EXERCISE DESCRIPTION: Can you copy out the data exactly? Leave the images out.

PROVIDED MATERIAL:

───

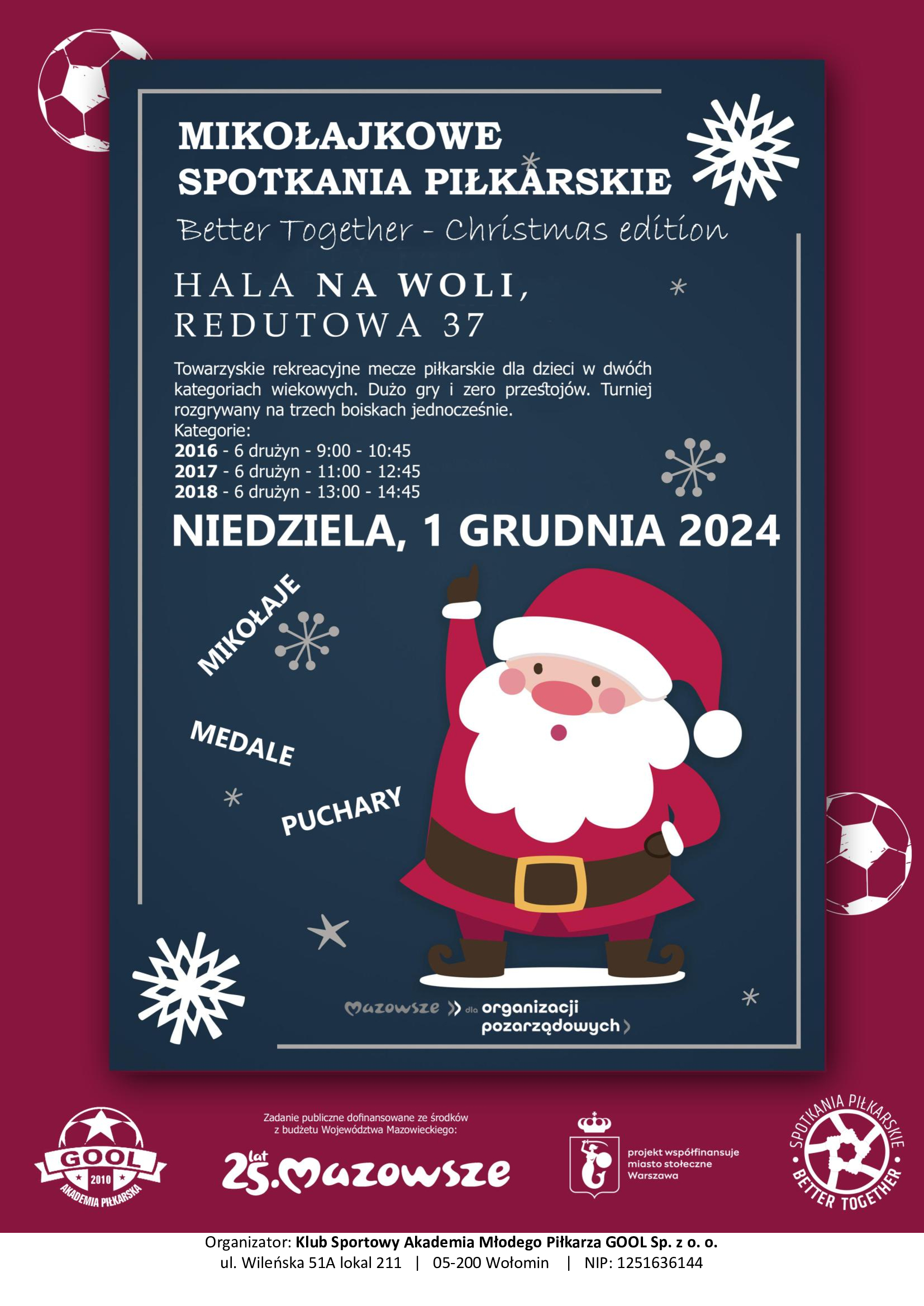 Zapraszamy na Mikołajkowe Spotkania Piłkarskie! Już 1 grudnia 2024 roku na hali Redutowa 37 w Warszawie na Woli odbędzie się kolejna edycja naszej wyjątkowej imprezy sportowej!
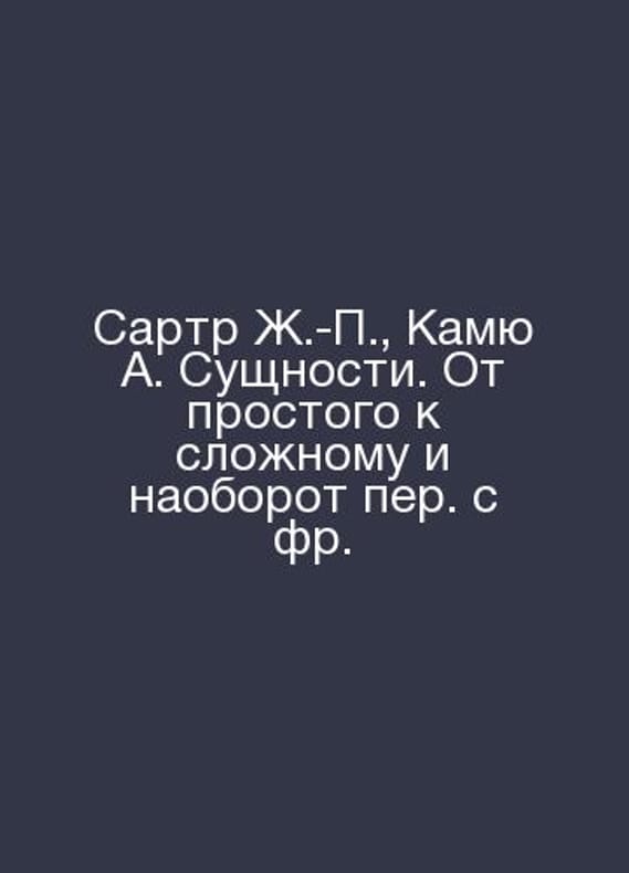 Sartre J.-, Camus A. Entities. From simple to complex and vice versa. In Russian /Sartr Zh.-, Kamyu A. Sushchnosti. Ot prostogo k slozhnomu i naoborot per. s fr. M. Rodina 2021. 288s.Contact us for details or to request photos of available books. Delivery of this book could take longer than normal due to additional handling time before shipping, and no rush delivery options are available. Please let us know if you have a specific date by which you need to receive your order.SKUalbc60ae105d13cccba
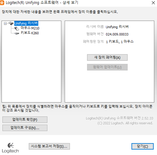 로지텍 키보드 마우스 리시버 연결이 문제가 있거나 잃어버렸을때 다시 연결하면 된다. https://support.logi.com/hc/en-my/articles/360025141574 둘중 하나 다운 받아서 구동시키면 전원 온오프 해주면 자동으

───

ANSWER SECTION:
 Zapraszamy na Mikołajkowe Spotkania Piłkarskie! Już 1 grudnia 2024 roku na hali Redutowa 37 w Warszawie na Woli odbędzie się kolejna edycja naszej wyjątkowej imprezy sportowej!
 Sartre J.-, Camus A. Entities. From simple to complex and vice versa. In Russian /Sartr Zh.-, Kamyu A. Sushchnosti. Ot prostogo k slozhnomu i naoborot per. s fr. M. Rodina 2021. 288s.Contact us for details or to request photos of available books. Delivery of this book could take longer than normal due to additional handling time before shipping, and no rush delivery options are available. Please let us know if you have a specific date by which you need to receive your order.SKUalbc60ae105d13cccba
 로지텍 키보드 마우스 리시버 연결이 문제가 있거나 잃어버렸을때 다시 연결하면 된다. https://support.logi.com/hc/en-my/articles/360025141574 둘중 하나 다운 받아서 구동시키면 전원 온오프 해주면 자동으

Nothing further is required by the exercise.